▶ **MATERIAL PROVIDED**:
== Segment start ==
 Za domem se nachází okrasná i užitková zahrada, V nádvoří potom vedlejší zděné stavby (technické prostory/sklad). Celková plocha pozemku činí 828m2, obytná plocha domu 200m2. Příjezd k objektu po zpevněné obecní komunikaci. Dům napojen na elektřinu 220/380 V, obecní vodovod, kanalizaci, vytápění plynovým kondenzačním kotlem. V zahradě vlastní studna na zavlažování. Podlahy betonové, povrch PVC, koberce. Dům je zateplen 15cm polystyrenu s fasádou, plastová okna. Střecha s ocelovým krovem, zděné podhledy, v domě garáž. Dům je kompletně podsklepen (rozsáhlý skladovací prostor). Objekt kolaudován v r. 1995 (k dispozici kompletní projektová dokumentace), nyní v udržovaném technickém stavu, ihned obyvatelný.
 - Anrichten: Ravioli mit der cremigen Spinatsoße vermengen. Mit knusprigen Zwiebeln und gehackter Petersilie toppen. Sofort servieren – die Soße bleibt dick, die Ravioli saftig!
== Segment end ==
== Segment start ==
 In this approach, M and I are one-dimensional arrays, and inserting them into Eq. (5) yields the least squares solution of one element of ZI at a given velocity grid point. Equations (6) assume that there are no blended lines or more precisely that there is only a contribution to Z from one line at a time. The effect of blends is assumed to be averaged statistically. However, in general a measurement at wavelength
== Segment end ==
▶ **TASK ITEM**: Go through the listing above and write out exactly the lines starting with the one holding "Za domem se" and running through the one holding "- Anrichten: Ravioli", ends included, and no others.

▶ **ANSWER TO THIS PROBLEM**:
 Za domem se nachází okrasná i užitková zahrada, V nádvoří potom vedlejší zděné stavby (technické prostory/sklad). Celková plocha pozemku činí 828m2, obytná plocha domu 200m2. Příjezd k objektu po zpevněné obecní komunikaci. Dům napojen na elektřinu 220/380 V, obecní vodovod, kanalizaci, vytápění plynovým kondenzačním kotlem. V zahradě vlastní studna na zavlažování. Podlahy betonové, povrch PVC, koberce. Dům je zateplen 15cm polystyrenu s fasádou, plastová okna. Střecha s ocelovým krovem, zděné podhledy, v domě garáž. Dům je kompletně podsklepen (rozsáhlý skladovací prostor). Objekt kolaudován v r. 1995 (k dispozici kompletní projektová dokumentace), nyní v udržovaném technickém stavu, ihned obyvatelný.
 - Anrichten: Ravioli mit der cremigen Spinatsoße vermengen. Mit knusprigen Zwiebeln und gehackter Petersilie toppen. Sofort servieren – die Soße bleibt dick, die Ravioli saftig!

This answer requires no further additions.